International teams complete SKA’s first Science Data Challenge
Nine teams representing 12 institutions in 8 countries took part in the challenge. They were invited to analyse a series of high resolution images of the radio sky created through data simulations, and use software of their choosing to find, identify and classify the sources.
The images show how the SKA’s mid-frequency array, to be located in South Africa, would see the radio sky at three different frequencies (560 MHz, 1.4 GHz and 9.2 GHz), over three different exposure times: eight hours, 100 hours and 1000 hours. Each of the nine images filled 4GBytes (or 1074 MegaPixels).
“I am thrilled at the response to our first Science Data Challenge, and to see the SKA community so engaged – a big thank you to all of those who got involved,” said SKA Project Scientist Dr. Anna Bonaldi, who has been leading work on the challenge. “As we hoped, the teams were made up of not only radio astronomers and members of our Science Working Groups, but also the wider astronomy and computer science communities, showing the broad engagement around the SKA.”
This was the first in what will become a series of challenges aimed at training the SKA community in what to expect from SKA data, and the kinds of approaches needed to make the most of it.
“The Science Data Challenge offered an opportunity to prepare for the types of data the telescope will eventually gather from the sky,” said Professor Andreas Wicenec from the International Centre for Radio Astronomy Research (ICRAR) – the organisation that topped the challenge’s leader boards.
Each team’s findings were ranked according to the number of accurate detections, meaning their software had to distinguish between genuine astronomical objects and image noise – no mean feat when dealing with simulations of extremely faint radio emissions from the distant Universe.

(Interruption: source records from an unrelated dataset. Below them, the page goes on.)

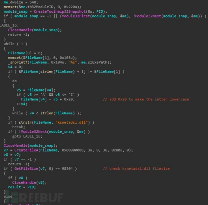 以下为RatankbaPOS的dropper/injector搜索匹配 ksnetadsl.dll的过程:
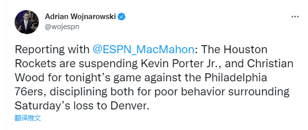针对小波特和伍德的不当行为,火箭对他们进行了禁赛处罚。
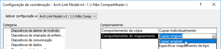 Antes ou ao copiar conexões a partir de um modelo vinculado para um modelo MEP, especifique um comportamento de mapeamento para cada categoria de conexão na caixa de diálogo Especificar as configurações de coordenação.
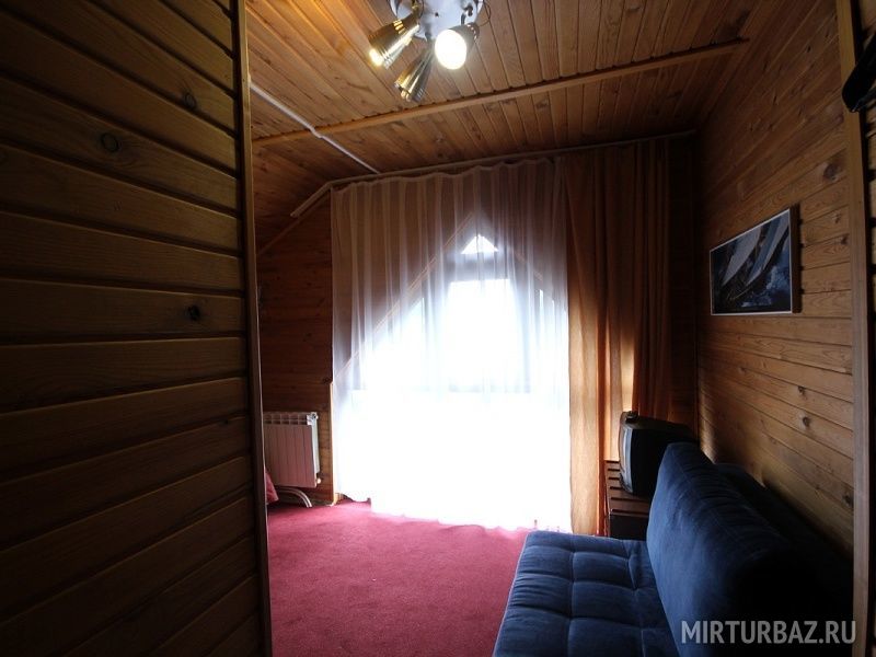 Общая площадь — 36,0 м² (окно на «Ольгу», «Кубу» и трассы, «Мустаг», «Фристайл», «Горнолыжник», прокаты). В номере две односпальные кровати, диван и кресло-кровать.
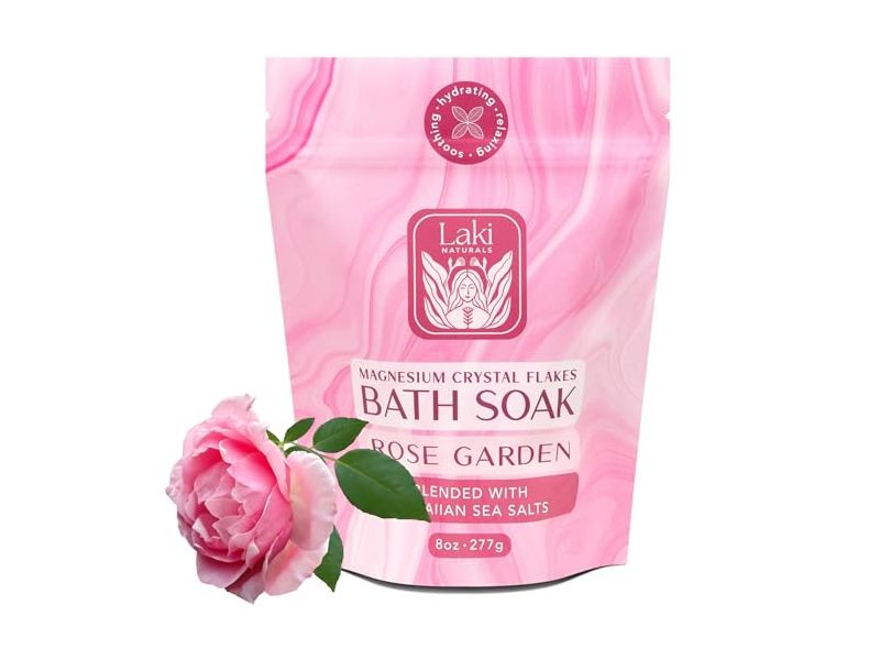 Laki Naturals Magnesium Crystal Flakes Bath Soak, Rose Garden, 8 fl oz/277 g
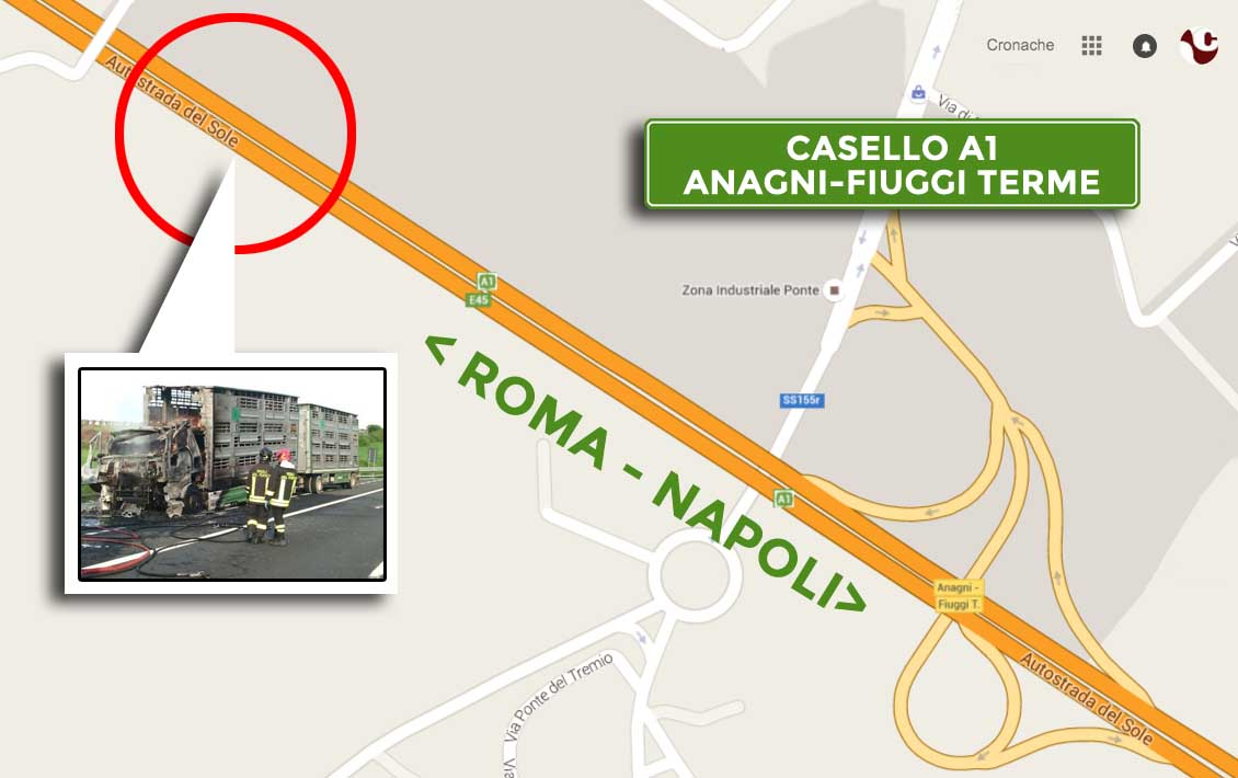 COLLEFERRO | ANAGNI (RM) – Nella mattinata di oggi, 9 Aprile, poco dopo le 7, sul tratto autostradale compreso tra i caselli di Colleferro ed Anagni-Fiugi Terme, in direzione Napoli, un autotreno destinato al trasporto di animali ha preso fuoco richiedendo l’intervento dei Vigili del Fuoco nonché la chiusura del tratto autostradale.
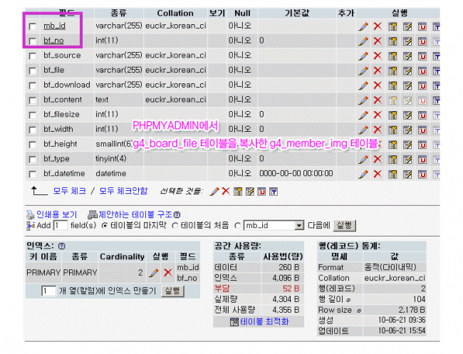 가.  g4_board_file  테이블을 g4_member_img 테이블로 하나 복사합니다.
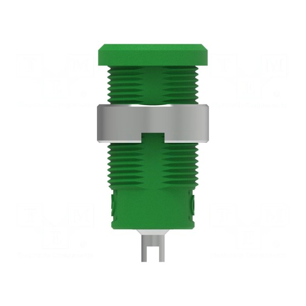 Styk gniazda został poddany procesowi niklowania, co zapewnia trwałość połączenia. Element przystosowany jest do montażu na panelu poprzez przykręcanie lub lutowanie. Produkt jest zgodny z normą bezpieczeństwa CAT III 1000V, a jego kolor to zielony.
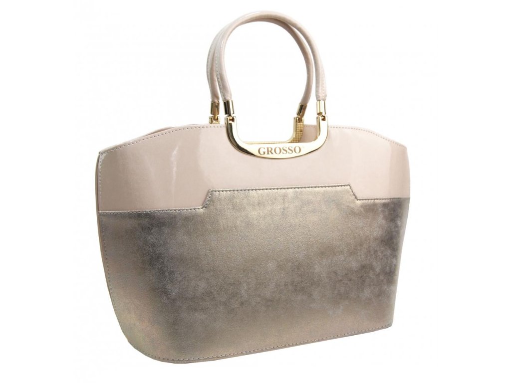Elegantní béžová lakovaná kabelka do ruky S5 GROSSO
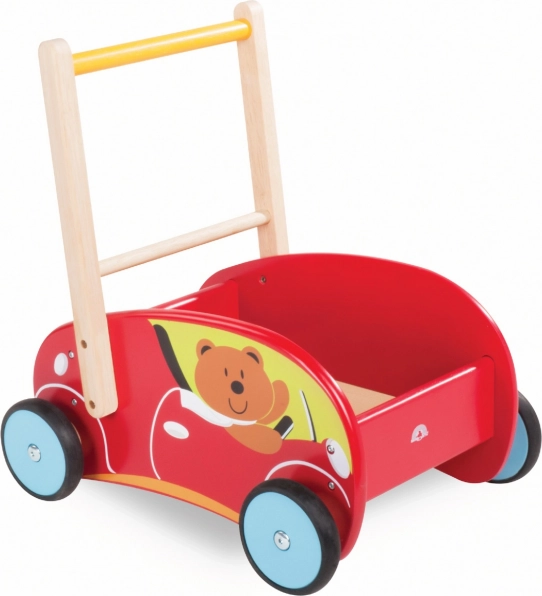 Lesena otroška hojica v obliki rdečega avtomobila
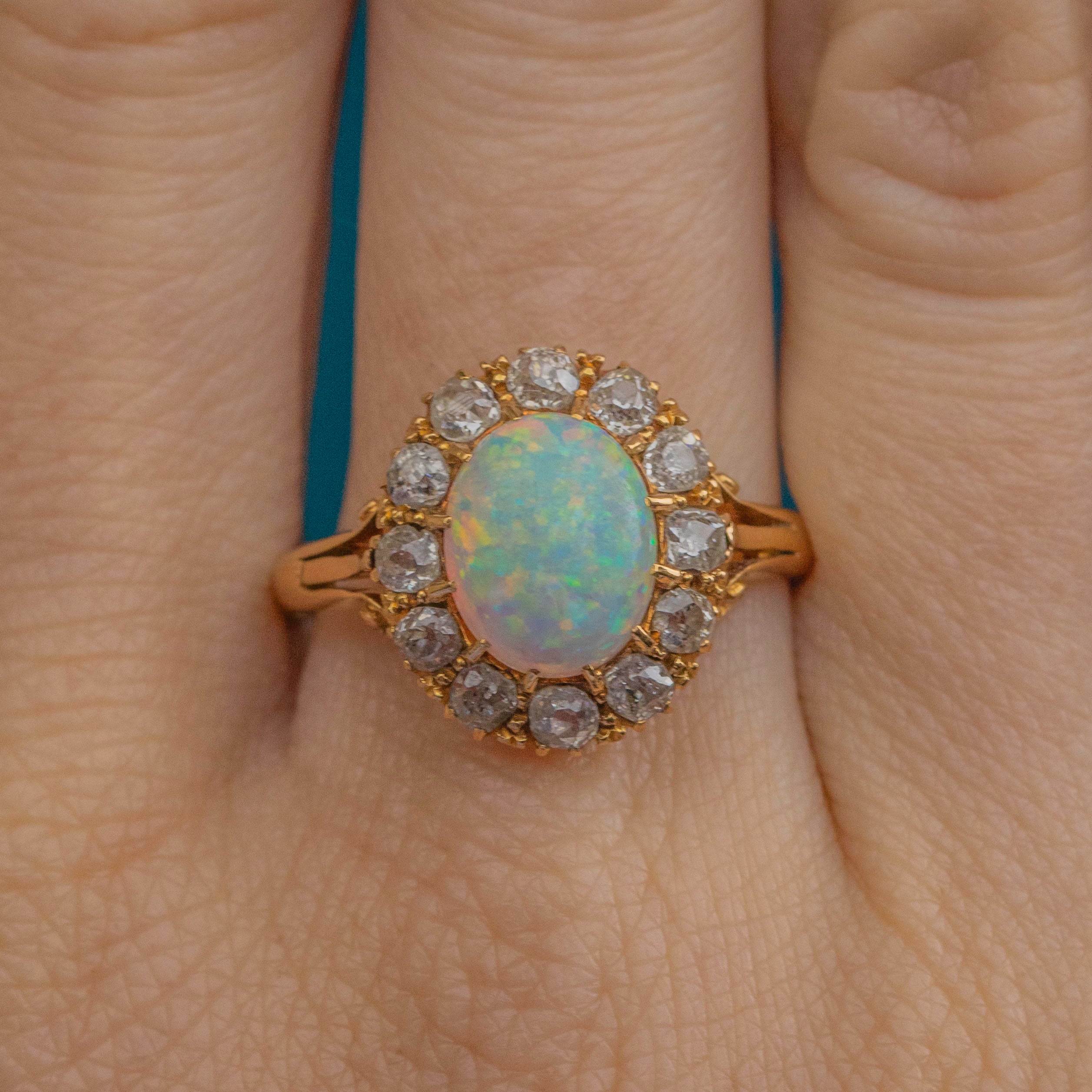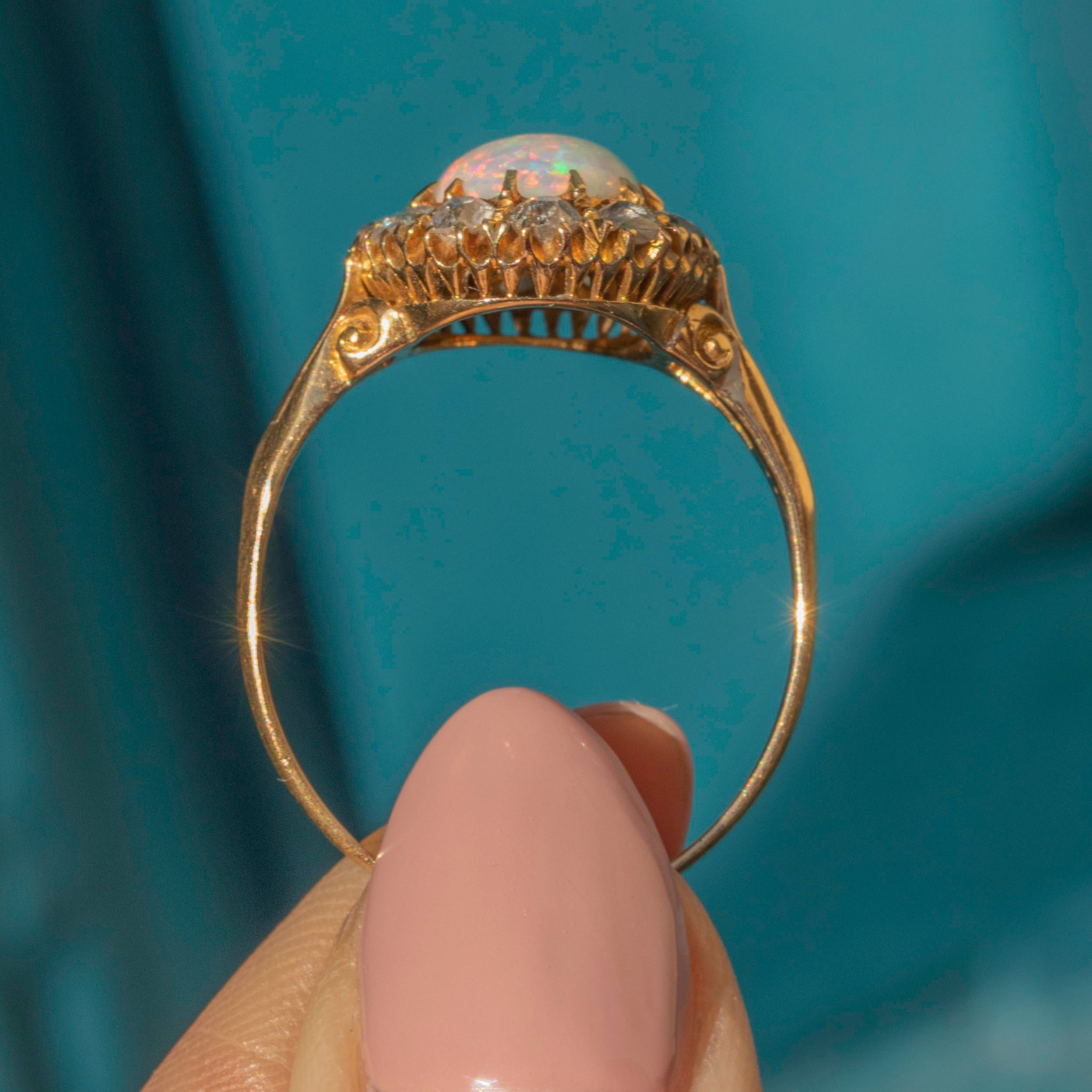 EXCELLENT. This antique 18ct Gold Opal Diamond cluster ring is in excellent condition. The Opal is smooth and free from signs of wear, securely held within its claw settings. The Diamonds are all present and free from fleabites, providing this antique ring with ample sparkle. The 18ct Gold has an even saturation throughout and the ring band has remained robust allowing you to wear this Victorian Opal Diamond ring with absolute confidence. With many more years of wear in her, this splendid piece of Victorian jewellery would make a fabulous heirloom to be passed down the generations!
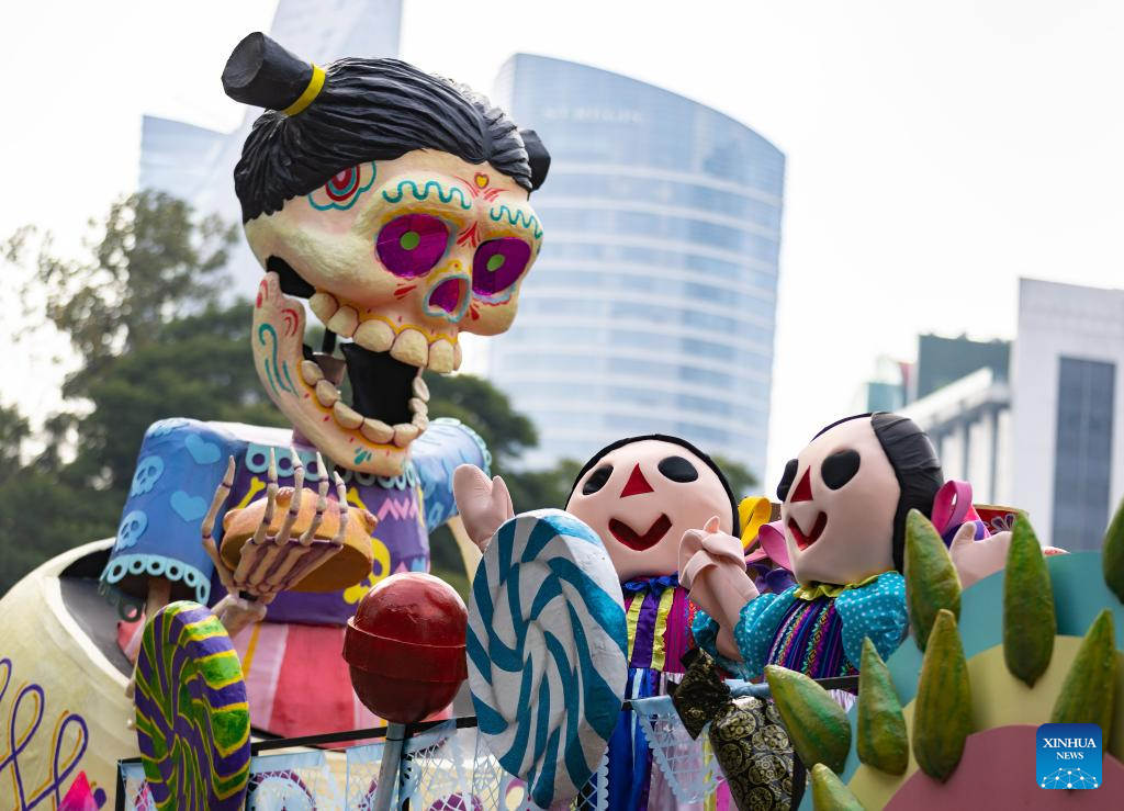 This photo taken on Nov. 2, 2024 shows an art installation during the Day of the Dead Parade in downtown Mexico City, capital of Mexico. (Xinhua/Li Mengxin)
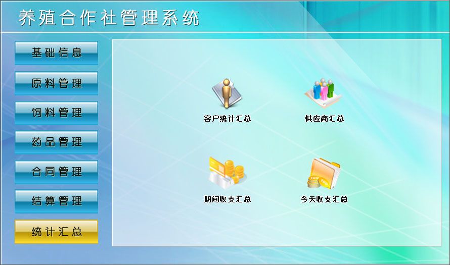 《养殖合作社管理系统》适用于中小型养殖合作社收费的管理软件。主要包含基础信息、原料管理、饲料管理、药品管理、合同管理、结算管理等功能。本管理系统多处具有快速辅助录入功能,操作简单,易学、易用;处理功能高效强大,是协助您的好帮手!
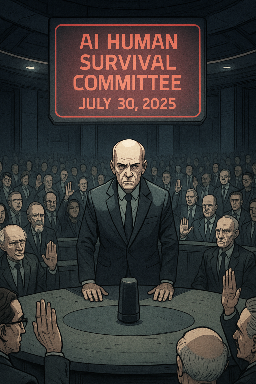 회의의 명칭은 ‘AI 인류 존속위원회’. 회의 장소는 뉴욕 동부 방위구역 내, 방탄유리와 전자기 방해벽으로 둘러싸인 암실 같은 회의실이었다.
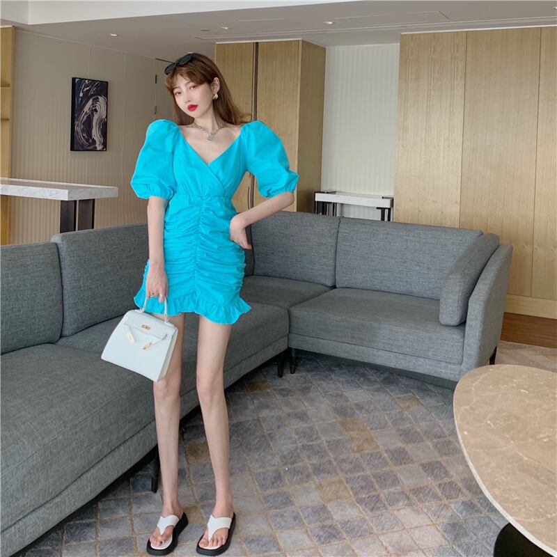 Vネックプリーツワンピース パフスリーブ フリルドレス フランチ レトロ ワンピース ドレス ミニワンピ 2カラー. a3167

“It was particularly interesting to see the wide variety of approaches taken” Dr. Bonaldi added.
“Some of them are tried-and-tested but others are brand new, so seeing the variety of approaches is extremely valuable in preparing users to deal with real SKA data in the future.”
“In the case of ICRAR, we had two teams participating in the challenge, one of which partnered with the University of Oxford in the UK” said Prof. Wicenec.
“One used a prototype machine-learning algorithm, which was developed to identify and classify extended radio sources, and the other used a technique based on traditional image segmentation analysis.
We’re very pleased with how well both methods performed in identifying extremely faint radio sources hidden in the simulated data, and we’re obviously really happy with ICRAR’s performance overall in this inaugural challenge.”
The SKA Project Science team will now encourage the teams involved to collaborate by sharing their lessons learnt from each approach, with a view to publishing a scientific paper on the challenge.
A full list of the participants, results and ranking methodology can be found on the SKA Science website.